Introduction to DTrace

DTrace is a comprehensive dynamic tracing facility that is built into Solaris and can be used by administrators and developers to examine the behavior of both user programs and of the operating system itself. With DTrace you can explore your system to understand how it works, track down performance problems across many layers of software, or locate the cause of aberrant behavior. It is safe to use on production systems and does not require restarting either the system or applications.

DTrace dynamically modifies the operating system kernel and user processes to record data at locations of interest, called probes.

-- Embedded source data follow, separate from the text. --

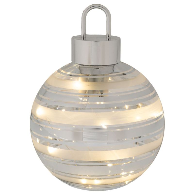 БЯЛА СТЪКЛЕНА ТОПКА СЪС СРЕБЪРНА РАЙОНА И LED СВЕТЛИНА Φ15 СМ, С БАТЕРИЯ
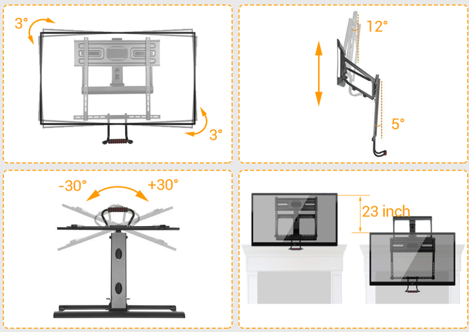 A above fireplace TV wall mount should support frequent angle adjustments, clean cable routing, and safe heat clearance, especially in Canadian living rooms where fireplaces and seasonal temperature swings are common.
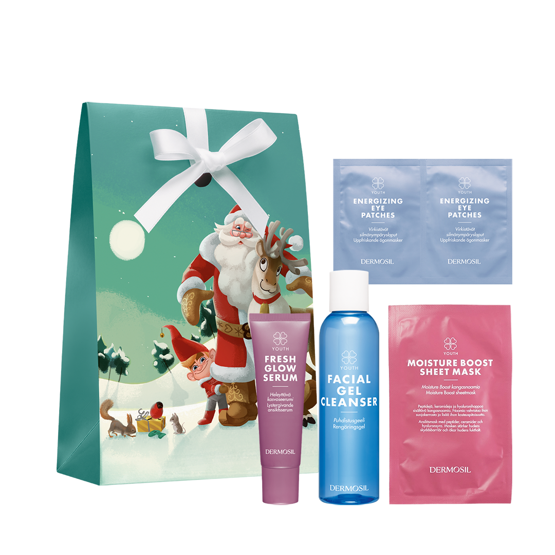 Lahjapakkaus Youth sisältää varta vasten nuoren ihon tarpeisiin kehitetyt, hellävaraiset mutta toimivat tuotteet. Puhdistusgeeli, Moisture Boost Kangasnaamio, Virkistävät silmänympäryslaput sekä Heleyttävä kasvoseerumi toimivat hemmottelevana lahjana myös aikuiselle iholle, joka kaipaa hehkua ja eloisuutta!
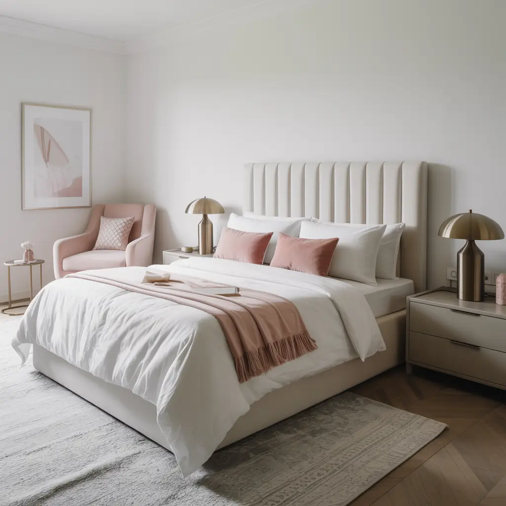 This look centers around soft blush tones paired with luxurious velvet textures. Picture this: a plush velvet headboard in that perfect pale pink shade, crisp white linens, and maybe one or two carefully chosen decor pieces. The key word here is restraint—you’re not trying to fill every corner.
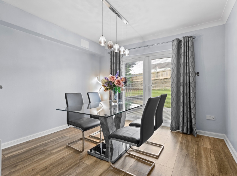 3.11m x 3.35m (10′ 2″ x 11′ 0″) Superb dining room boasting modern decor, plentiful space for fining table and chairs, laminate flooring and double glazed French doors leading to the private patio.
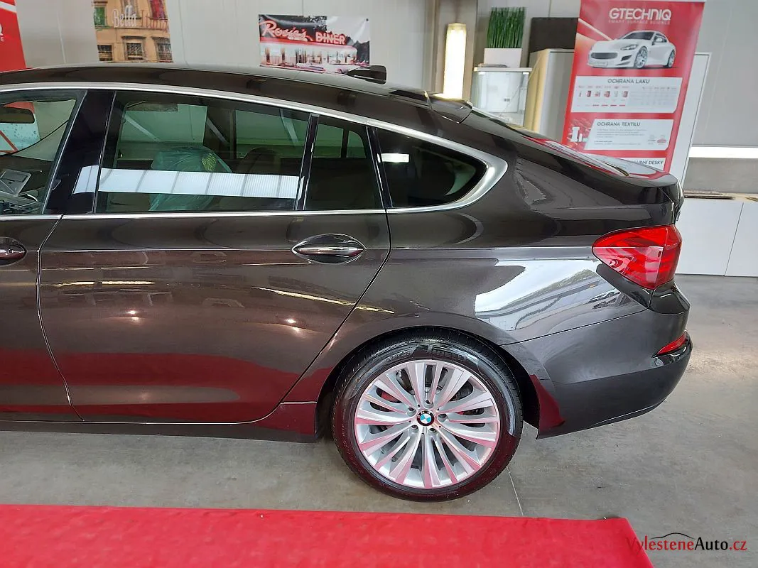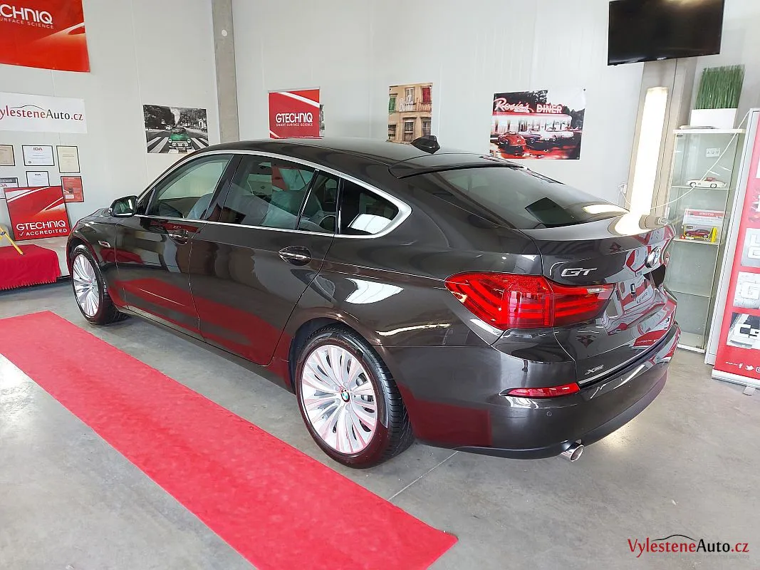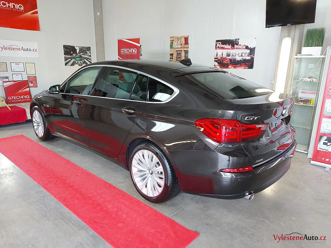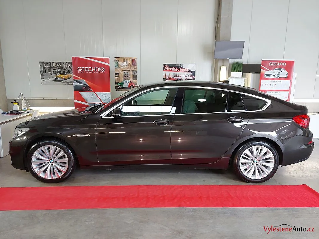 BMW 5 GT po dekontaminaci, jemném leštění laku a ochraně špičkovým voskem. Samozřejmostí je čištění litých kol, motoru i zádveří, strojní leštění všech skel a zrcátek a aplikace kvalitních tekutých stěračů.
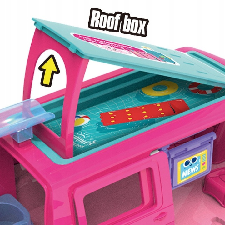 - Duży kamper dla lalek: otwierane elementy, namiot, basen ze zjeżdżalnią, lalka i akcesoria kempingowe. 3+, CE, kompatybilny z lalkami do ok. 14 cm. Idealny prezent!
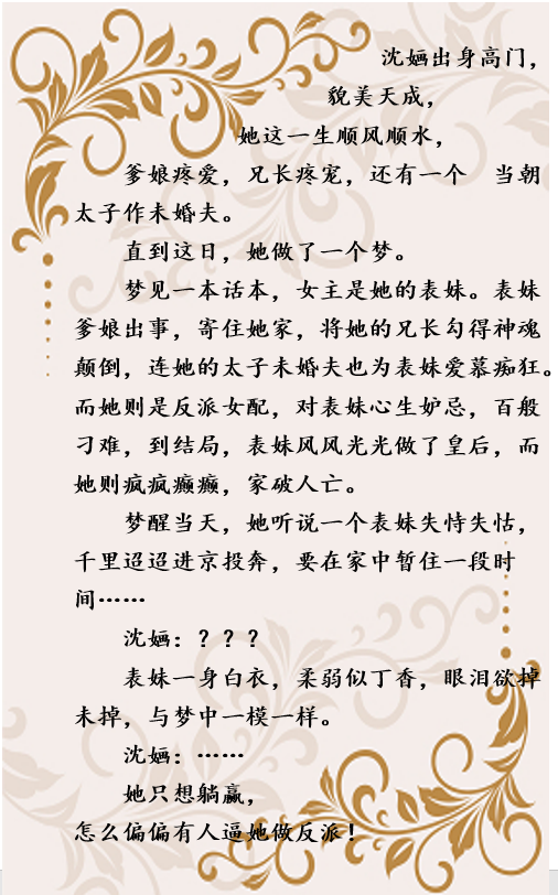 沈婳自出生起顺风顺水,直到有一天她做了个梦,梦见自己身处话本之中,女主是她的表妹,而她则是反派女配,对表妹心生妒忌,百般刁难。
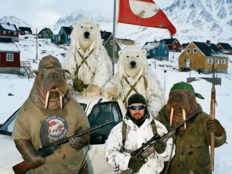 Στο μουσικό βίντεο, δημιουργημένο με Τεχνητή Νοημοσύνη, ονόματι Greenland Defense Front - The Hungry Giant (Γροιλανδικό Μέτωπο - Ο Πεινασμένος Γίγαντας, βλέπε Ντόναλντ Τραμπ) εμφανίζονται οι υπερασπιστές της Γροιλανδίας, άνθρωποι αλλά και... θαλασσιοι ελεφαντες ή πολικές αρκούδες, όλοι με όπλα στα χέρια και έτοιμοι να αντιμετωπίσουν τον Τραμπ.

A probe is a location or activity to which DTrace can bind a request to perform a set of actions, like recording a stack trace, a timestamp, or the argument to a function. Probes are like programmable sensors scattered all over your Solaris system in interesting places. DTrace probes come from a set of kernel modules called providers, each of which performs a particular kind of instrumentation to create probes.

DTrace includes a new scripting language called D which is designed specifically for dynamic tracing. With D it is easy to write scripts that dynamically turn on probes, collect the information, and process it. D scripts make it convenient for users to share their knowledge and troubleshooting methods with others. A number of useful D scripts are included in Solaris 10, and more can be found on Sun's BigAdmin site: sun.com/bigadmin/content/dtrace/ and on the OpenSolaris project site: opensolaris.org/os/community/dtrace/.

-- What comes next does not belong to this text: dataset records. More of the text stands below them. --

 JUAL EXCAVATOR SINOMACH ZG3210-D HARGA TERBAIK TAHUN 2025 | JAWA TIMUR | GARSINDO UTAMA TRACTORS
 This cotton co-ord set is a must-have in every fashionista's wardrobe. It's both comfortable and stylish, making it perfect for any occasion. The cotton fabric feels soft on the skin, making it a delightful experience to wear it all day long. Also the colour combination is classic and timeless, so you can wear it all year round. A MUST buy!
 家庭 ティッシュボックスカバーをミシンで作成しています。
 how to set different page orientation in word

Overview of the DTrace Architecture and Components.

Back To Top

 
 
 

Introduction to D Scripts

First, a brief discussion on the construct of a D script. A D script consists of a probe description, a predicate, and actions as shown below:

probe description
/predicate/
{
   actions
}

When the D script is executed the probes described in the probe description are enabled. The action statements are executed when the probes fire and if the predicate evaluates to true. Think of probes as events: a probe fires when the event happens. Let's take a simple D script example:

syscall::write:entry
/execname == "bash"/
{
   printf("bash with pid %d called write system call\n",pid);
}

Here the probe description is the syscall::write:entry which describes the write system call. The predicate is /execname == "bash"/. This checks to see if the executable that is calling the write system call is the bash shell. The printf statement is the action that executes every time bash calls the write system call.


Probe Description

Now let's look a little deeper. The probe is described using four fields, the provider, module, function, and name.

  • provider—Specifies the instrumentation method to be used. For example, the syscall provider is used to monitor system calls while the io provider is used to monitor the disk io.
  • module and function—Describes the module and function you want to observe
  • name—Typically represents the location in the function. For example, use entry for name to instrument when you enter the function.

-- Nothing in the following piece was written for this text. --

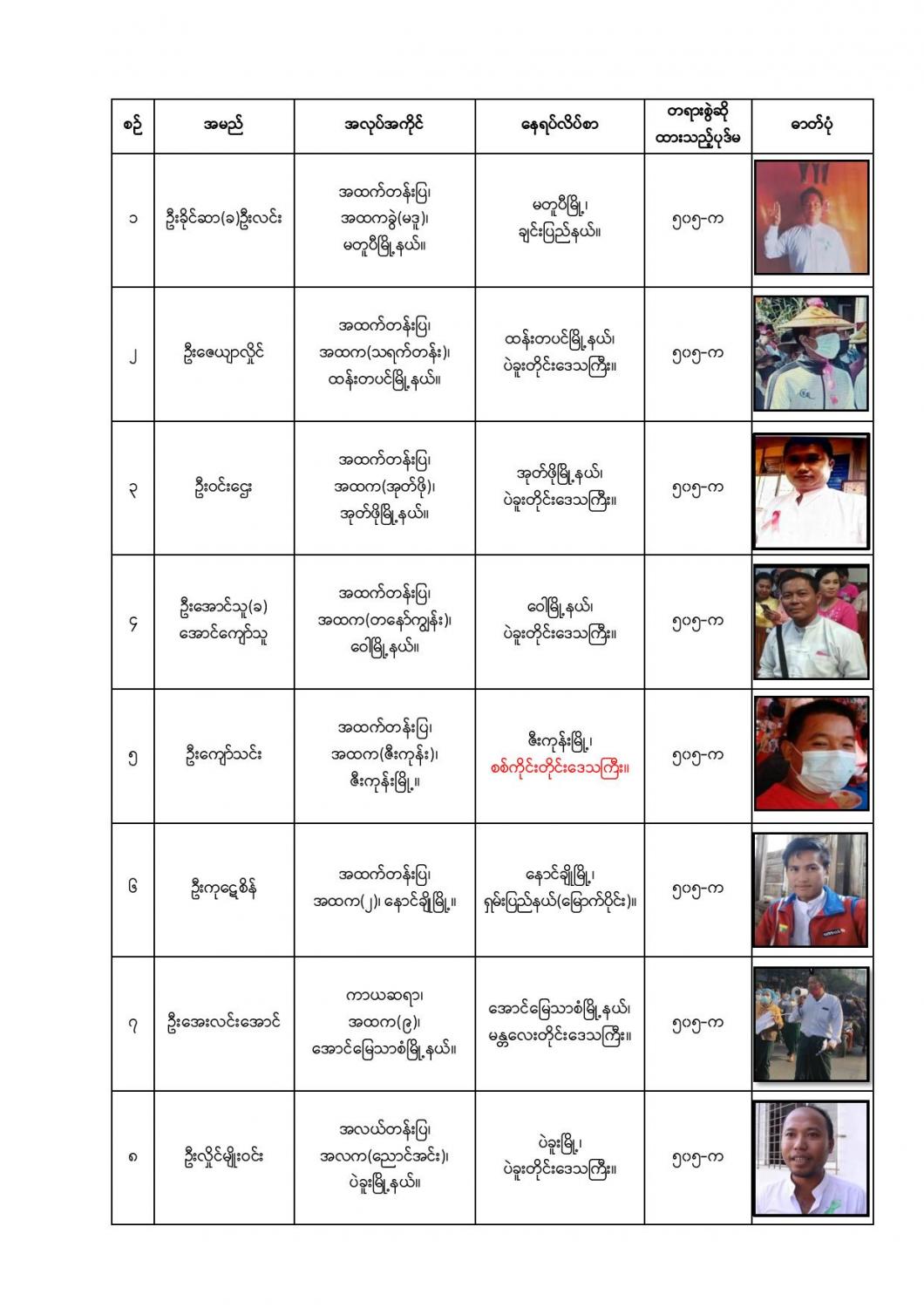အဆိုပါ အမှုဖွင့်လှစ်ထားသော ပညာရေးဝန်ထမ်းများအား ဖမ်းဆီးရမိရေး ဆောင်ရွက်လျက်ရှိပြီး ဖော်ပြပါ ပုဂ္ဂိုလ် များ နှင့်စပ်လျဉ်း၍ နီးစပ်ရာရဲစခန်းများသို့ သတင်းပေးပို့ရန်နှင့် လက်ခံထားရှိသူများအားလည်း တရား ဥပဒေအရ အရေးယူ ဆောင်ရွက်သွားမည်ဖြစ်ကြောင်း အသိပေးကြေညာအပ်ပါသည်။

Note that wild cards like * and ? can be used. Blank fields are interpreted as wildcards. Table 1 shows a few examples.

Probe Description Explanation
syscall::open:entry
entry into open system call
syscall::open*:entry
entry into any system call that starts with open (open and open64)
syscall:::entry
entry into any system called
syscall:::
all probes published by the system call provider

Table 1—Examples of Probe Descriptions.


Predicate

A predicate can be any D expression. Table 2 illustrates a few examples. The action is executed only when the predicate evaluates to true.

Predicate Explanation
cpu == 0
true if the probe executes on cpu0
pid == 1029
true if the pid of the process that caused the probe to fire is 1029
execname != "sched"
true if the process is not the scheduler (sched)
ppid !=0 && arg0 == 0
true if the parent process id is not 0 and first argument is 0

Table 2—Examples of Predicates.


Action

The action section can contain a series of action commands separated by semi-colons (;). Examples are given in Table 3.

Action Explanation
printf()
print something using C-style printf() command
ustack()
print the user level stack
trace
print the given variable

Table 3—Examples of Actions.

Note that predicates and action statements are optional. If the predicate is missing, then the action is always executed. If the action is missing, then the name of the probe which fired is printed.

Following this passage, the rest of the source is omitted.